Manche Länder setzen nicht allein auf das Internet, sondern auf die Vielfalt der Medien, um die Bevölkerung über das Petitionswesen zu informieren und daran zu beteiligen. Das reicht von eigenen oder in Kooperation mit Fernsehsendern produzierten Sendungen (Österreich, Tschechien) über die Unterstützung von Petitionen über SMS (Schottland) bis zum Einsatz eigener Blogs (Schottland, Frankreich). Andere Länder verzichten auf das Schriftlichkeitserfordernis bei der Einreichung (etwa Portugal, Slowenien, Ungarn), verfügen über ein Netzwerk kooperierender Außenstellen im Land (Frankreich, Portugal, Slowakei, Wales) oder haben Callcenter (z. B. eine Telefonhotline für Kinder in Portugal) eingerichtet. Sie berücksichtigen mit solchen breiter gefassten Medienstrategien, dass über das Internet nur bestimmte Bevölkerungsgruppen besonders gut angesprochen werden können, andere aber eher nicht.

Als Protagonisten der Modernisierung wurden die parlamentarischen Petitionssysteme Bulgariens, Deutschlands, Litauens, Luxemburgs, Portugals, der Slowakei und Tschechiens identifiziert. Parlamente mit einem spezialisierten Petitionsausschuss betreiben dabei eher ein bürgernahes Petitionssystem und tendieren stärker zur Einbindung der Öffentlichkeit. Zu den Parlamenten ohne Petitionsausschuss gehören insbesondere diejenigen, die nach dem Vorbild in Westminster Petitionen nur über die Vermittlung eines Abgeordneten (Abgeordnetenfilter) entgegennehmen. Petitionssysteme mit Petitionsausschuss sind tendenziell etwas durchsetzungsstärker, was mit einer starken Rolle des Parlaments gegenüber der Exekutive in Verbindung gebracht wird.

VERGLEICH DER PETITIONSSTELLEN MIT DEN OMBUDSSTELLEN

Der Vergleich der Petitionsstellen mit den Ombudsstellen zeigt, dass Letztere wesentlich homogener sind. Der Schutz individueller Rechte und die Bearbeitung von Beschwerden zum Verwaltungshandeln stehen im Vordergrund. Die konkrete Ausgestaltung des Beschwerdeverfahrens unterscheidet sich bei den verschiedenen Ombudsstellen nur in Details.

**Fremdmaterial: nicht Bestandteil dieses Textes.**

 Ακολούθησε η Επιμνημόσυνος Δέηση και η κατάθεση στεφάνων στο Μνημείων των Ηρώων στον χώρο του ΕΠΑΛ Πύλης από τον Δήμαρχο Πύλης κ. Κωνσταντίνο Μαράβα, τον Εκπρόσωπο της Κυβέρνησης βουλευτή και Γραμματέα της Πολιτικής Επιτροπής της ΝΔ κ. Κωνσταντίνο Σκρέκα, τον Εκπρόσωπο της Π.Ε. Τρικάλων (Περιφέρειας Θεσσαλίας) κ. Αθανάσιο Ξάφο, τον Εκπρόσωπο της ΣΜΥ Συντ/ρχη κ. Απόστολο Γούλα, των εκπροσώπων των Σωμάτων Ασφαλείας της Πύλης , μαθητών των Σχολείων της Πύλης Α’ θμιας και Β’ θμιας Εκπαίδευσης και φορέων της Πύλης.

Die Unterschiede zwischen den Ombudsstellen liegen eher bei zusätzlichen Funktionen (z. B. Aufgaben der Schlichtung, Expertisen im Gesetzgebungsprozess). Dass Beschwerden an die Ombudsstellen im Vergleich zu den an das Parlament gerichteten Petitionen nicht so häufig öffentliche Anliegen zum Inhalt haben und dass der Einbezug der Öffentlichkeit eher selten angestrebt wird, heißt nicht, dass "mehr Öffentlichkeit" kein Thema bei den Ombudsstellen wäre.

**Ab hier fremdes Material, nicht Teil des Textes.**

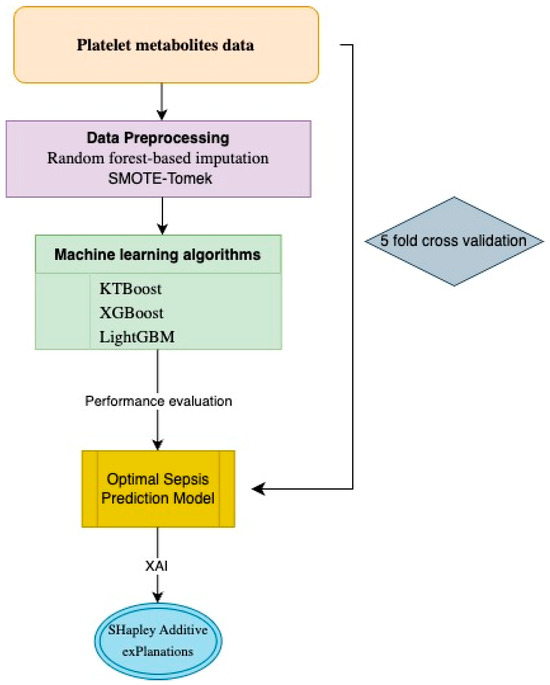We used the XAI approach to understand the prediction judgments produced by the models. XAI seeks to provide transparency and reliability in AI applications by making the sophisticated machine learning models’ choices and behavior understandable to people. XAI techniques can find important traits, expose biases, and improve the dependability of AI systems by offering insights into how models create predictions. This is especially useful in vital domains like bioinformatics and healthcare. Based on this information, the SHapley Additive exPlanations (SHAP) method was applied to determine the importance of biomarker candidate metabolites in predicting sepsis and to explain the outputs of the model from a clinical perspective. SHAP values are based on cooperative game theory and provide a unified measure of feature importance by considering the contribution of each feature to the prediction. This technique determines the average marginal contribution of each characteristic over all possible combinations, guaranteeing a consistent and fair assignment of significance. By displaying SHAP values, we can comprehend the influence of each feature on individual predictions and the entire model, providing a better understanding of the model’s decision-making process and boosting interpretability [67,68,69,70]. The flow chart for the proposed methodology is presented in Figure 1.

Wo immer es ein Petitionswesen bei der Ersten Kammer und eine parlamentarische Ombudsstelle gibt, liegt das Petitionsniveau der Ombudsstelle ohne Ausnahme höher. Keine der parlamentarischen Petitionsstellen kommt über 50 Eingaben pro 100.000 Einwohner und Jahr, während etwa zwei Drittel der Ombudsstellen darüber liegen. Alle Ombudsstellen weisen einen hohen oder mittleren Grad an Bürgernähe auf. Im direkten Vergleich zwischen der Bürgernähe der Ombudsstelle und des Petitionssystems der Ersten Kammer eines Landes liegt in jedem Fall (mit Ausnahme Litauens) die Ombudsstelle vorne.

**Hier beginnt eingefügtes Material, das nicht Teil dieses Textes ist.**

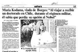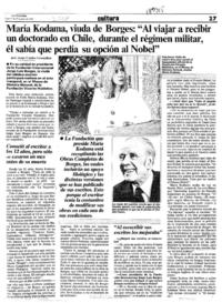 María Kodama, viuda de Borges, "Al viajar a recibir un doctorado en Chile, durante el régimen militar, él sabía que perdía su opción al Nobel [artículo] / Juan Carlos González. La Segunda (Diario : Santiago, Chile)-- dic. 2, 1991, p. 27 retr. .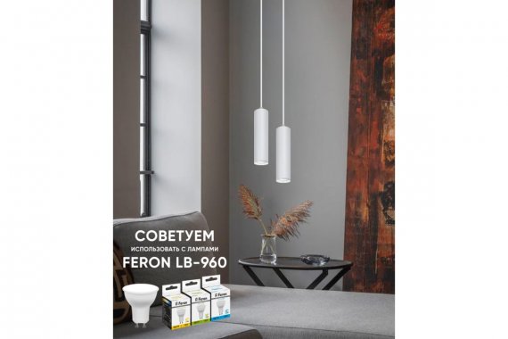 Светильник накладной под лампу, спот (ИПО) FERON ML1768, GU10 35W, 230V, IP20, цвет белый, корпус алюминий, 55*55*200

Alle Ombudsstellen verfügen heute über ein umfangreiches oder sehr umfangreiches Internetangebot. Was das Mitzeichnen oder das Diskutieren von Petitionen im Internet angeht, erscheinen die Petitionsstellen der Parlamente aktiver zu sein. Auch hier gibt es ein wichtiges Gegenbeispiel: Die französische Ombudsstelle zeigt mit ihrem Dienst "Le Médiateur & vous", wie ein erweitertes interaktives Angebot bei einer Ombudsstelle aussehen kann - ein Modell, das auch für Petitionsstellen der Parlamente von Interesse sein könnte.

DAS DEUTSCHE PETITIONSSYSTEM IM EUROPÄISCHEN VERGLEICH

Generell weist das parlamentarische Petitionswesen in Europa so viele nationale Besonderheiten auf, dass von einem dominierenden Modell nicht gesprochen werden kann. Deutschland ist eines der wenigen Länder, das ohne parlamentarischen Ombudsmann auskommt (ebenso Italien und die Schweiz). Es ist auch eines von wenigen Ländern, das Quoren in das Petitionsverfahren eingeführt hat (ebenso Österreich, Portugal, Slowakei und Tschechien). Dass persönliche Beschwerden und politische Anliegen wie in Deutschland zum Aufgabenspektrum einer Petitionsstelle gehören, ist keine Seltenheit. Die Mehrheit der befragten Petitionsstellen bearbeitet sowohl Eingaben im Sinne der "res publica" als auch der "res privata".

In puncto Petitionsintensität liegt das Petitionssystem des Bundestages im Vergleich zu den Petitionssystemen anderer Parlamente auf einem der oberen Plätze. Bezieht man aber die Eingaben an die Ombudsstellen in den Vergleich mit ein, da viele Eingaben in Deutschland an den Petitionsausschuss gehen, die in anderen Ländern an die dortige Ombudsstelle gerichtet werden, liegt Deutschland eher im unteren Mittelfeld.

Bei der Bürgernähe rangiert das deutsche Petitionssystem im oberen Bereich. Auffällig ist indes, dass in Deutschland die Unterstützung und Einbeziehung der Petenten während des Verfahrens vergleichsweise gering ausfällt. Hier könnte sich eine genauere Analyse der Angebote und Aktivitäten anderer Länder und eine Überprüfung auf Übertragbarkeit lohnen.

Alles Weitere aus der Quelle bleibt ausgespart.